The crisis has forever changed the role of Sales.

One takeaway from the crisis has been how the suspension of in-person selling has accelerated changes in the core function of Sales within investment management firms—a trend already evident before the onset of the pandemic.

With the full shift to virtual and digital channels, Sales is no longer a client's main point of contact with a firm. Nor are individual salespeople the best way to communicate to clients, the best source of knowledge about a client's preference or even the best way to understand what a client intends to buy next. “It is time to stand back and look at that and say, ‘where has that role gone?’ It’s moved away from individual salespeople and moved into digital interaction and the data that we get from that.”

Responsibility for that interaction and the resulting data sits with Marketing—within the data-driven engagement framework that Marketing teams have been developing over the past decade. Firms need to adapt their model to this new reality, merging Sales into this marketing framework in a new function and approach that BlackMoss, Larry's new consulting firm, calls “Client Engagement.”

“[Client engagement] is about how you transform your model to be able to engage with customers digitally and how to use all of the data we’re able to capture through that engagement.”

The crisis is freeing up resources to fund content-led, data-driven digital engagement.

Central to this engagement model is thought leadership content, which not all firms have been able to afford. “It is an investment and not every firm has the bandwidth to be able to tell differentiating stories.

“I don’t want to mislead very small firms into thinking they are going to be able to create the wealth and the depth of content that they’re going to need to suddenly bust through in this crowded marketplace.”

But another fallout from the pandemic crisis has been significant shift in the cost structures of firms, from dramatically lower travel & entertainment expenses to the suspension of costly in-person events and conference sponsorships. While firms are using these savings to cut costs, they are also redeploying them to fund digital transformation and engagement platforms, including the development of the relevant content that clients have come to expect through the crisis.

The promise of data-driven “Client Engagement.”

Those firms that are investing in client engagement are in a position to unlock the power of client data—using it to deliver the solutions, services, content and information clients need, when they need them.
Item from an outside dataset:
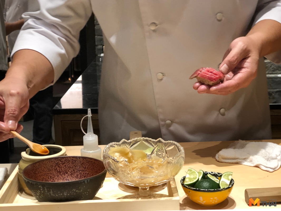 ซูชิคำนี้เสิร์ฟมากับปลาทูน่าที่ใช้ส่วนของอากามิ (Akami) เป็นส่วนของเนื้อปลาที่ไม่มีไขมัน และชูโทโร่ (Chutoro) เป็นส่วนของเนื้อปลาที่มีไขมันปานกลางสลับกับชั้นเนื้อปลา ซึ่งเชฟนำไปย่างไฟกำลังพอดีคำ หอมกลิ่นฟางไฟทานพร้อมกับวาซาบิสด อร่อยนุ่มชุ่มลิ้นมากๆ

For customers, the benefits are clear: an investment manager that knows them better with each engagement, providing on-point solutions to relevant needs—not to mention the end of the deluge of unwanted emails, poorly targeted event invitations and irrelevant product pitches.
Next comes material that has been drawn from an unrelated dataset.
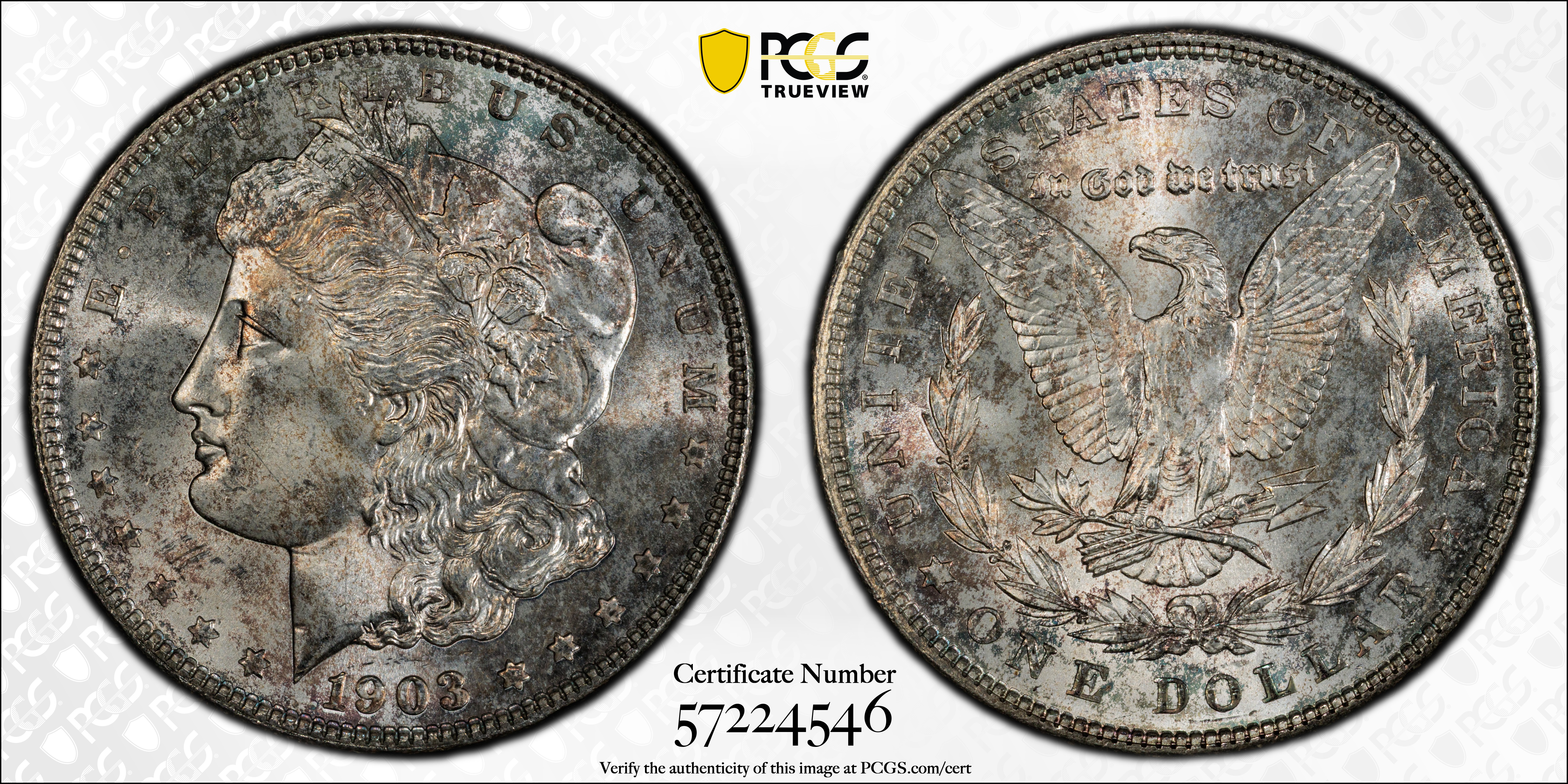 The 1903 Morgan Dollar is a very common coin thanks to numerous bags that have appeared on the market over the years. PCGS alone has certified over 13,000 examples of this date, with most falling into the MS64 to MS65 grade range. Superb examples are very scarce, but can be found occasionally in auction sales and in dealers' inventories. MS67 appears to be the last accessible grade.

“It dispenses with so much of the irritation of the current relationship, to reframe that relationship the way that so many other industries have reframed their relationship with their customers.”
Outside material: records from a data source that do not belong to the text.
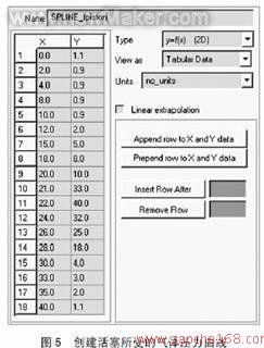 载荷的施加包括定义气缸对活塞的压力、气阀杆顶端和气缸盖之间的弹簧力、凸轮和气阀之间加入面-面接触力、重力加速度。其中,根据气缸内流体动力学数值仿真结果,利用一个工作循环内的缸内压强数据,可以得到气缸内压强曲线(DataSpline)SPLINE_fpiston,如图5所示。图中自变量X表示时间(单位为毫秒),因变量Y表示气缸内气体压强(单位为105帕)。活塞所受的总的气体平均压力为活塞上、下两侧空间内的气体压强差与活塞截面积的乘积。在ADAMS中燃气压力采用Spline函数进行曲线定义,采用AKISPL函数式进行表达。
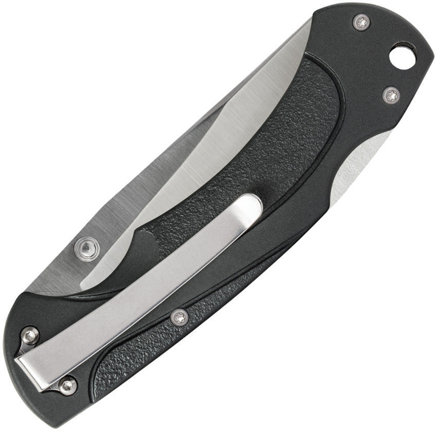 4.5" (11.43cm) closed. 3.5" (8.89cm) satin finish partially serrated stainless blade. Black nylon handle. Thumb stud. Lanyard hole. Pocket clip. Boxed.
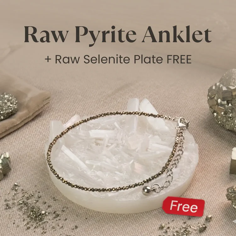 Step into abundance with the Raw Pyrite Anklet, made with 100% raw Pyrite crystals, paired with a FREE Raw Selenite Plate for cleansing and recharging. Known as the Stone of Wealth, Pyrite is believed to support money flow, confidence, and disciplined action. It is also traditionally linked with balancing Shani-related challenges (Shani Dosh) by bringing stability and focus.

Investment management has the opportunity to join other industries that have used data to remake their relationship and service model, but it is going to require realigning roles and de-siloing our deep knowledge about our clients.

The Bottom Line…

Larry's career has been all about helping firms modernize their client engagement platforms. And that means helping them to embrace change.

As long as the companies ignore the full promise of digital transformation, they will be vulnerable to competitors, inside and outside the industry, who are using client data to gain competitive advantage. It's only a matter of time before digitally enabled disruption comes to the investment management industry. The industry has an opportunity to get there first itself, but only if ambitious firms take advantage of the crisis to evolve away from their analog models.

Most investment management marketing people aren't any more ready for this new approach than salespeople are. They need to build not only their digital and data science skills but also their familiarity with the details of the revenue models of their firms.

“Most of us who have grown up in financial services marketing haven’t had direct responsibility for the commercial side of the business,” including pricing and meeting revenue targets. “In this new construct, these (responsibilities) will be shared across dedicated client segment teams.”